Abstract
Intelligent, autonomous systems are increasingly prevalent in today's society and will continue to proliferate. Many of these systems are critical, necessitating rigorous safety guarantees. However, designing and verifying safe controllers remains challenging, even for systems with linear dynamics.
This talk will focus on the design of safe control systems using a Control Barrier Function (CBF) approach. I will first present a new convex design method for linear systems, enabling the co-design of the controller and the barrier function. I will then extend the analysis to more complex scenarios, including systems with nonlinear dynamics, constraints, high relative degree, and model uncertainty.
Finally, I will consider the case of multi-agent systems, proposing a novel distributed control algorithm with parallel computation for enhanced safety. Recognizing that computational limitations may necessitate early termination, I will present a probabilistic result for guaranteeing safety.

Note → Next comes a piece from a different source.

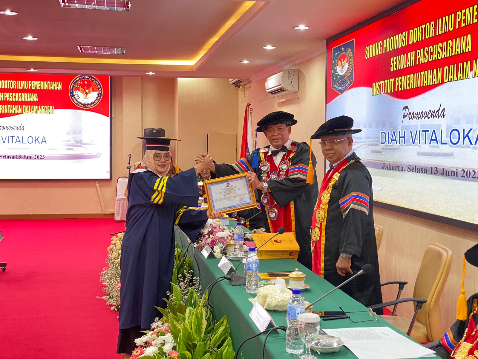 Jakarta, aspirasipublik.com – Selasa, 13 Juni 2023 berlangsung dari pukul 09.00 dan selesai pukul 12.00 di Ruang sidang khusus untuk program pasca sarjana Doktoral di lantai satu gedung pasca sarjana, Wakil Rektor II Bidang Administrasi Bapak Dr. Drs. Rizari, MBA., M.Si. mewakili atas nama Rektor IPDN Bapak Dr. Drs. Hadi Prabowo, MM. dan pada siang ini diputuskan hasil sidang promosi Doktor bahwasanya atas nama Kanjeng Pangeran Dr. Diah Vitaloka, S.IP., MM., Komisaris PT Jamkrida Babel (Perseroda) dan menjadi Direktris CV. Amda Prima Bangka, Setelah mempertahankan Disertasinya dihadapan promotor dan penguji selama tiga jam akhirnya dapat Meraih gelar Doktor Ilmu Pemerintahan ke 206 dengan predikat Sangat Memuaskan.dengan judul Disertasi: “Pengaruh Kapasitas Kelembagaan dan Komunikasi Terhadap Kinerja Dewan Perwakilan Rakyat Daerah Provinsi Kepulauan Bangka Belitung”.

This work is a collaborative effort with Dr. Han Wang and Professor Kostas Margellos.
Biographical Information
Antonis Papachristodoulou is the Professor in Control Engineering at the University of Oxford,
where he joined in 2006. He previously held a tutorial fellowship at Worcester College and served
as the director of the EPSRC & BBSRC Centre for Doctoral Training in Synthetic Biology. He
earned his MA/MEng in Electrical and Information Sciences from the University of Cambridge in 2000,
and his PhD in Control and Dynamical Systems from the California Institute of Technology, with a
minor in Aeronautics in 2005. Professor Papachristodoulou's research contributions in robustness
analysis, with applications to networked control systems and systems biology, have been recognized
with the European Control Award in 2014. He is a Fellow of the IEEE and has served on numerous
technical program committees for major conferences. He also served as associate editor for
Automatica and the IEEE Transactions on Automatic Control.